Source Snapshot Directory:
hdfs dfs -ls hdfs://mycluster1:8020//tmp/falcon/HDFSSnapshot/source/.snapshot
Found 1 items drwxr-xr-x - ambari-qa hdfs 0 2016-10-25 02:27 hdfs://mycluster1:8020/tmp/falcon/HDFSSnapshot/source/.snapshot/falcon-snapshot-HDFSSnapshot-2016-05-09-06-25-1477362461509
Target Snapshot Directory:
hdfs dfs -ls hdfs://mycluster2:8020//tmp/falcon/HDFSSnapshot/target/.snapshot
Found 1 itemsdrwxr-xr-x - ambari-qa hdfs 0 2016-10-25 02:28 hdfs://mycluster2:8020/tmp/falcon/HDFSSnapshot/target/.snapshot/falcon-snapshot-HDFSSnapshot-2016-05-09-06-25-1477362461509
We can see the snapshot directory has been automatically created in source and also replicated from source to target cluster.

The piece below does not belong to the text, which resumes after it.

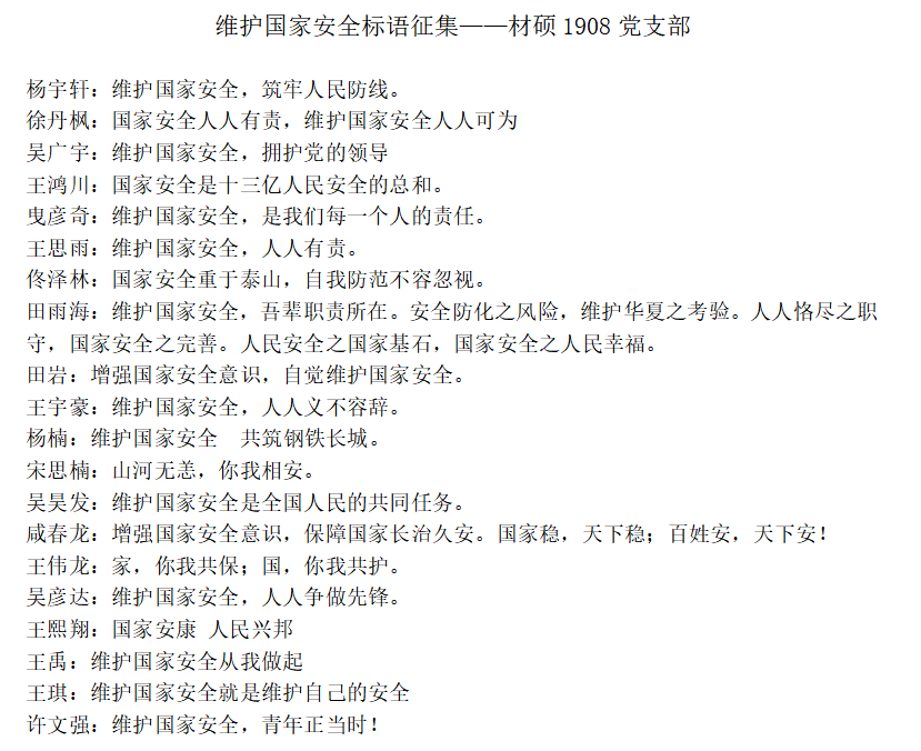 党支部组织收看了《汇聚人民力量 维护国家安全》国家安全教育专题片,并倡导大家写出维护国家安全的标语。在观看完纪录片后,同学们积极提交了发自内心的安全标语,表达了当代青年维护国家安全的坚定决心。同学们深刻意识到国家安全绝不仅仅是军队的事情,无论是军队还是地方,无论是伟大的军人还是普通百姓,在保卫国家安全上都义不容辞。活动结束后,支部成员纷纷表示,要发挥当代青年学生模范带头作用,从小事做起,积极维护国家安全,共建美好家园。
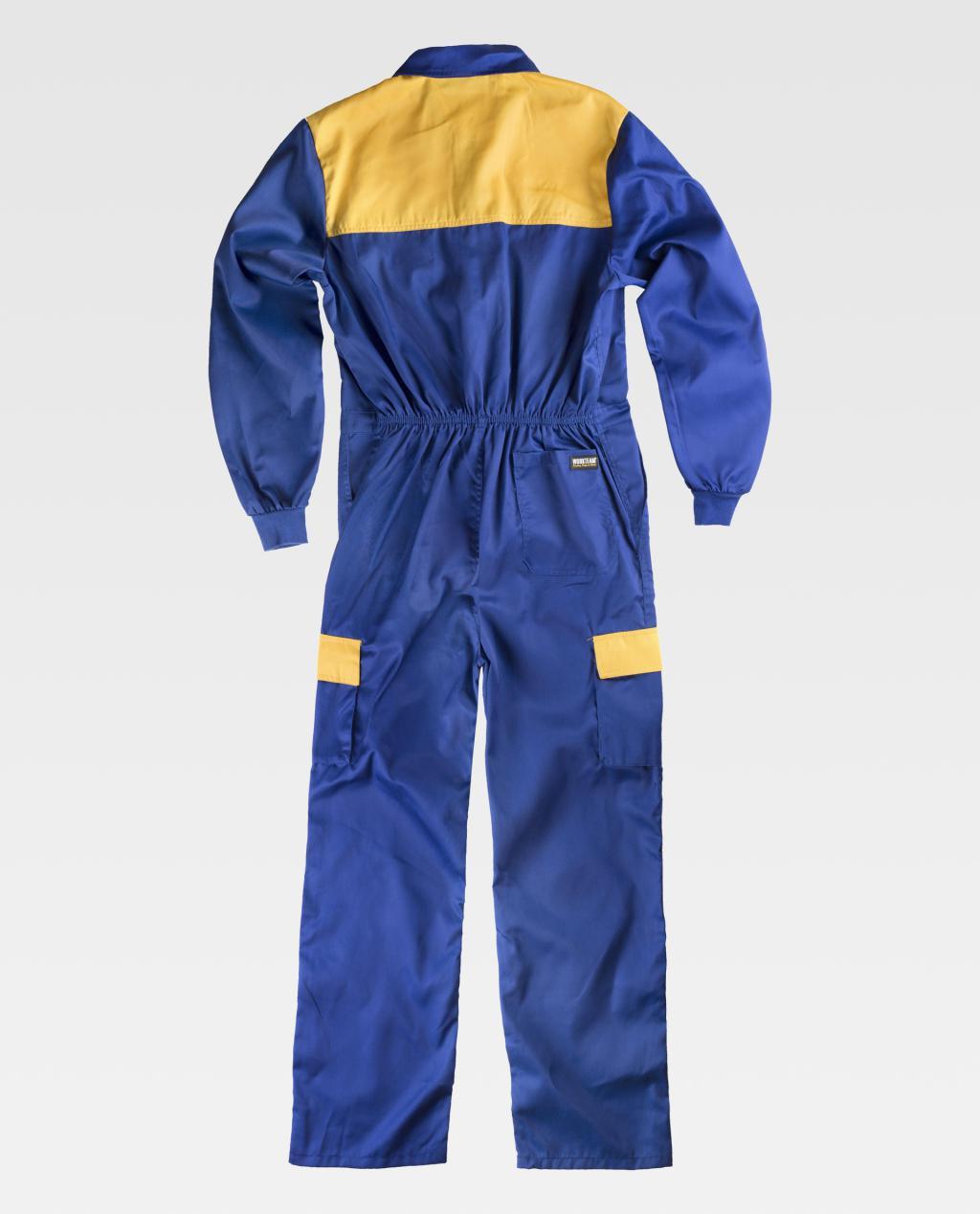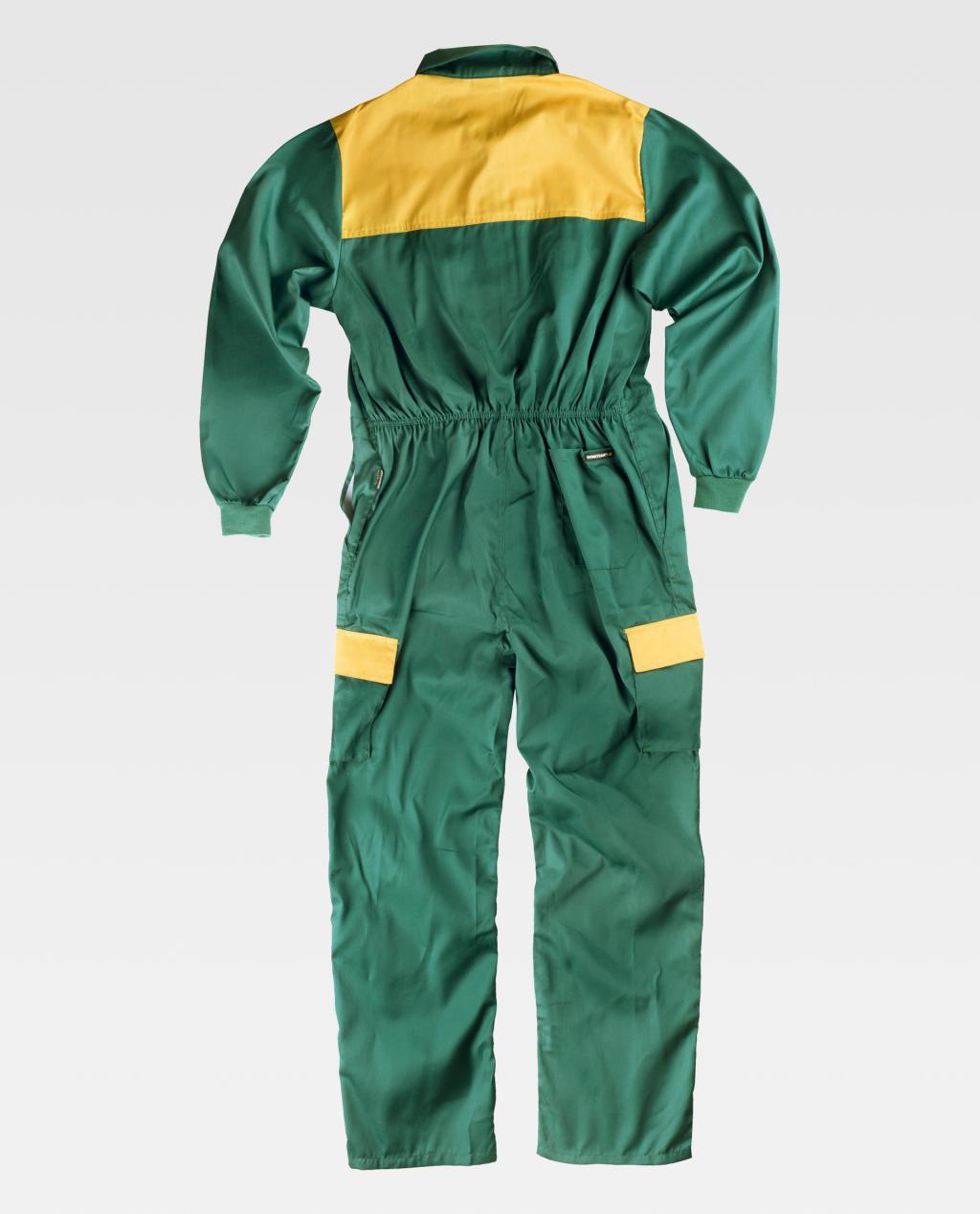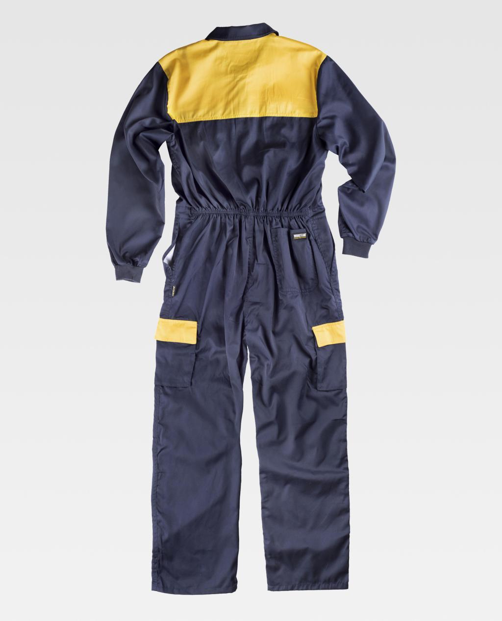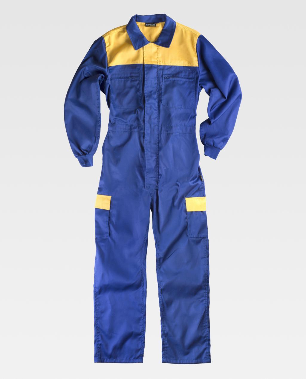 Fato macaco com corpetes e lapelas combinadas. Gola tipo camiseiro e fecho de correr de náilon com puxador duplo oculto por aba com velcro. Dois bolsos no peito com fecho de correr de náilon, dois bolsos de abertura inclinada nos costados. Dois bolsos cargo laterais com lapela de velcro. Um bolso traseiro de chapa. Punho elástico. Cinta com elástico nas costas.

Created on 10-31-2016 11:17 PM
Thanks for sharing! whenever there is a change in the source directory, is there a corresponding update on the target directory? @Murali Ramasami
Created on 11-03-2016 03:52 AM
@zhixun he Yes. Whenever there is a change, snapshot will get created in source and falcon process instance will trigger based on the frequency
Created on 12-16-2016 12:04 PM
Quick question, curious of perspective, does it make sense to use falcon snapshot support to just manage the snapshots for a single cluster and not necessarily the DR replication aspects.